In Genesis 1, following use of the cardinal ‘one’ in v. 5, subsequent numbering of days use ordinal numbers (‘second’ 1:8, ‘third’ 13, etc.). In Gen 2:10-14, this same sequential pattern, starting with ‘one’ (KJV “the first” hä´eHäd), then continuing with ‘second . . . fourth’ is repeated in relation to the four rivers. Taking ´eHäd or ‘one’ to be about ‘unity’ is governed by the notion of a compound that is ‘three-in-one’: unity as tri-unity. There are three related or united persons in their one God(head).

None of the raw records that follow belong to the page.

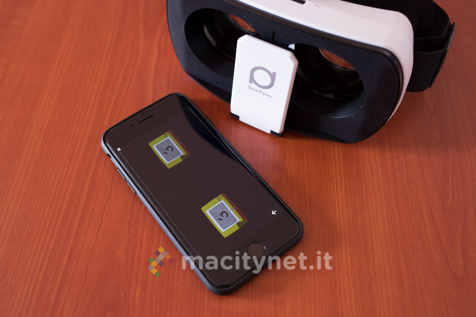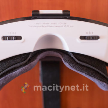 Se fino a questo punto abbiamo trovato soltanto punti a favore per il visore di Deepoon, il primo e forse unico difetto emerge proprio in questa fase. Non essendoci un cassetto che mantiene il telefono perfettamente in sede, è probabile che l’immagine non risulti perfettamente a fuoco. Alla combinazione di ghiera e selettori va così trovato il giusto posizionamento per lo smartphone, che si dovrà spostare in tutte le direzioni a piccoli passi fino a centrare perfettamente l’immagine.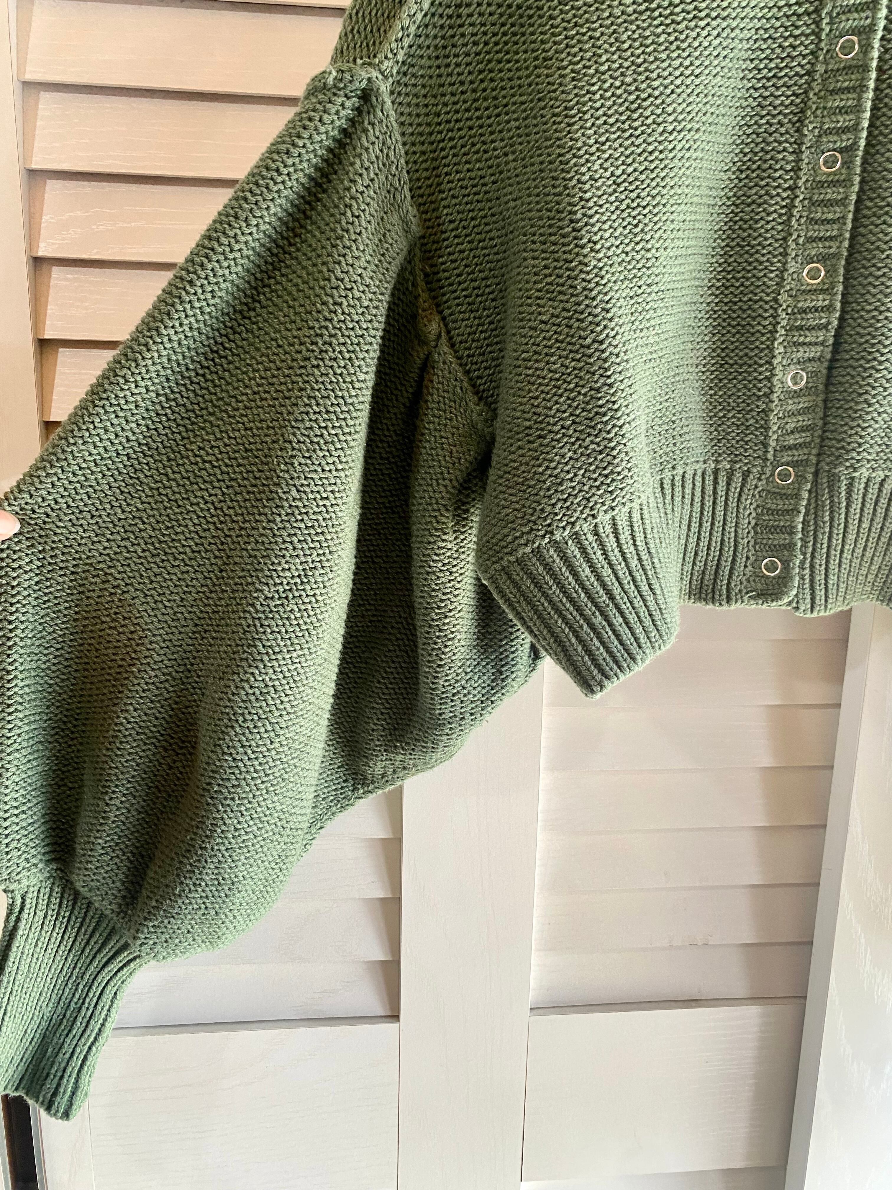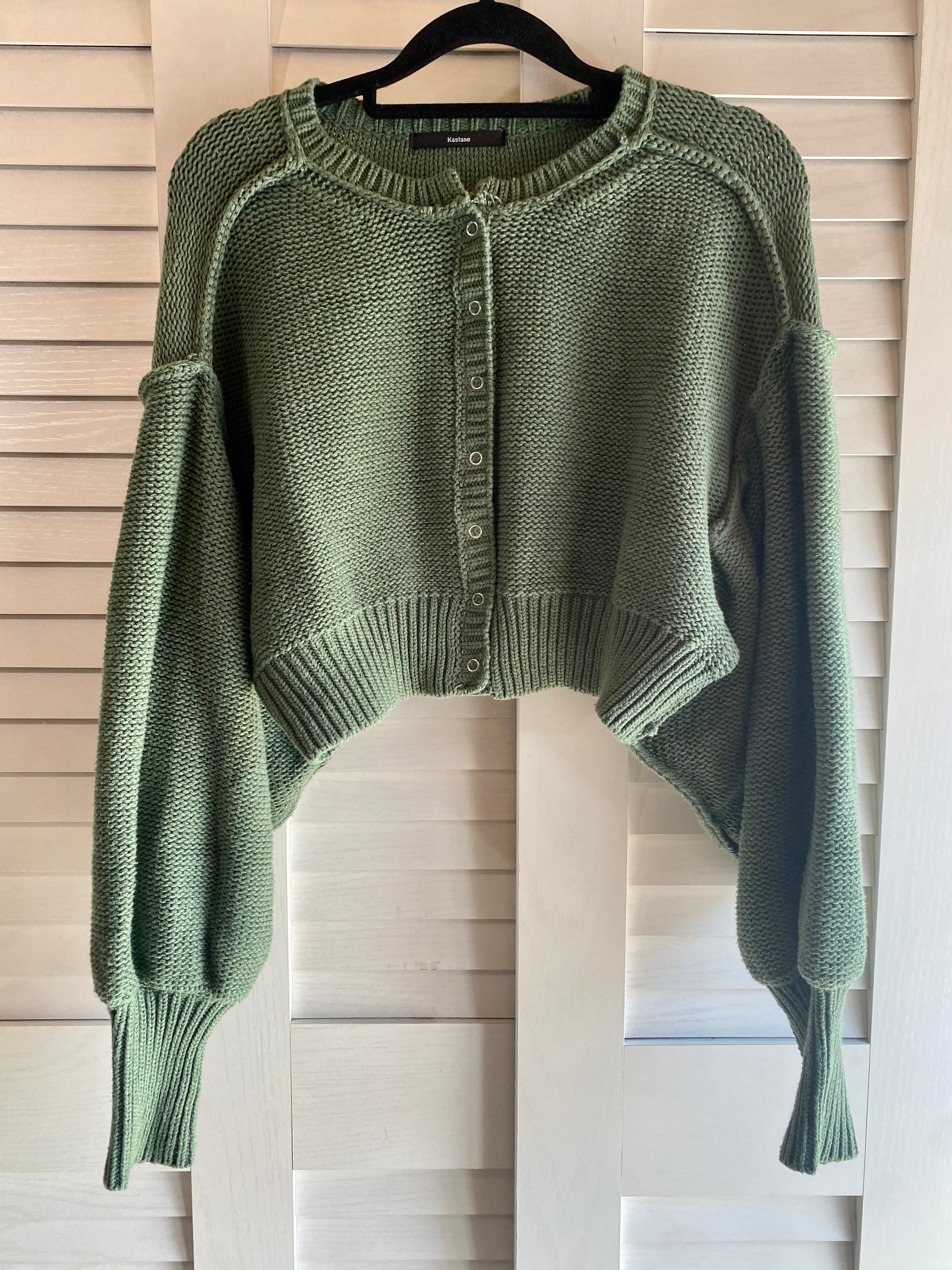 専用◎#242 kastane バルーンスリーブ ショート丈コットンニットカーデ オリーブ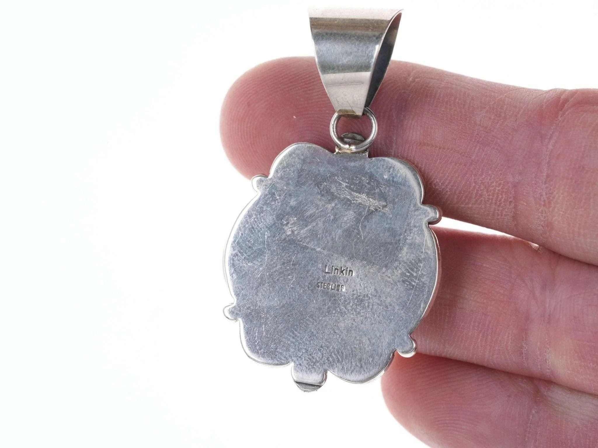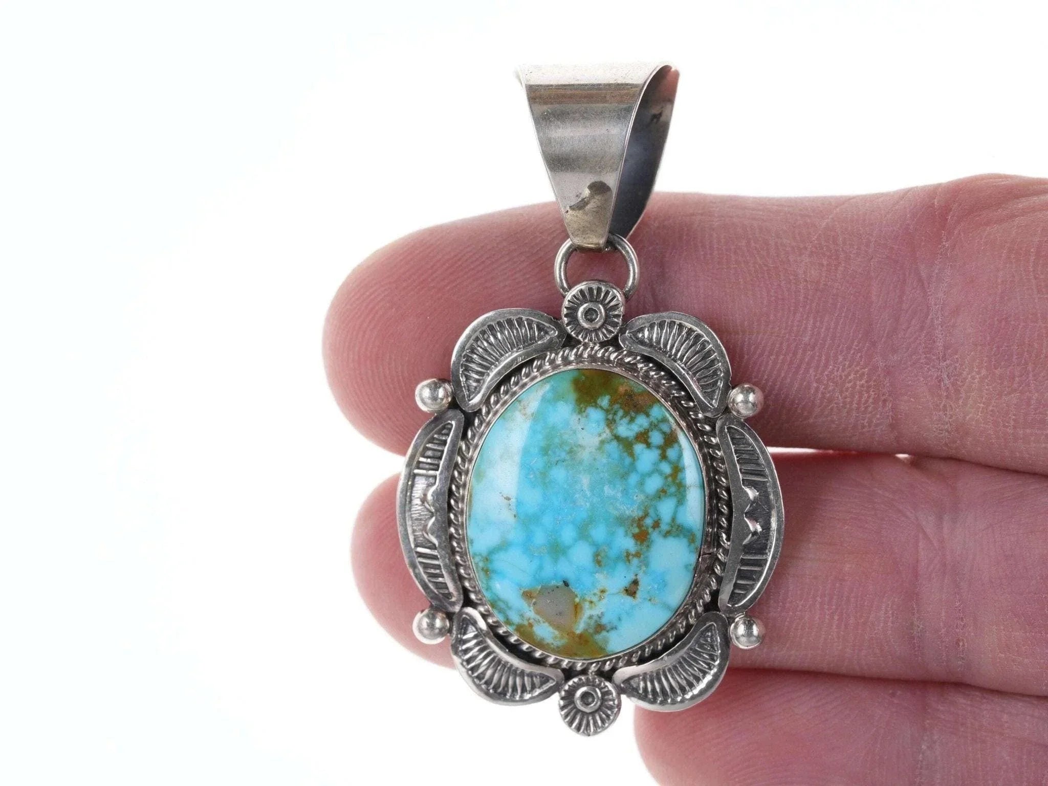 Ella Linkin Navajo Türkis Sterling Stampwork Anhänger. 2,25" hoch x 1,25" breit x 12,5 Gramm ohne Probleme, scheint ungetragen.

The Catholic Catechism affirms,
- The Trinity is One (para 253).
- We do not confess three Gods but one God in three persons, the ‘consubstantial Trinity’ (para 253).
- The Divine Unity is Triune (para 254).
- God is one but not solitary (para 254).[17] (My underlining.)
- b) ‘Unity’ is special pleading
The analysis that follows shows “for ‘one’ read ‘unity’”, of the kind stated in the Catechism, above, is special pleading. Biblical proof is needed to show that ´eHäd should become ‘unity’ as a different order of ‘one’. Of course, even if ´eHäd in Deut 6:4 were to do with ‘unity’, that does not of itself mean a unity comprised of three (‘Gods’). Indeed, two human persons, or an innumerable redeemed “many becoming ‘one’” (in Christ and in God, his Father) aligns with Biblical precedents. By contrast, 1 John 5:7’s ‘three are one’ is notorious as a spurious trinitarian interpolation.
- In Hebrew idiom, as in Gen 11:6, whether masculine ´eHäd [of ‘people’], or feminine ´aHat [of ‘language’], ‘one’ always follows the noun it quantifies, whereas subsequent cardinal numbers (two, three, four, etc.) precede the noun to which they apply.
- Whatever the semantic or conceptual role of ‘one’/´eHäd in this Deut 6:4 formulation, it is positioned in the normal way so any emphasis or nuance is not obvious.[18]
- Similarly, in Mal 2:10, both ‘father’ and ‘God’ (the singular form ´ēl) are qualified by ´eHäd: “Have we not all one father? Hath not one God created us?”
To sum up, what we have regarding Israel’s God and ´eHäd / ‘one’ in the OT is a pattern of usage as follows,
‘One Yahweh’ (‘Yahweh is one’) in Deut 6:4 and Zech 14:9.
‘One Father’ and ‘one God’ in Mal 2:10.[19]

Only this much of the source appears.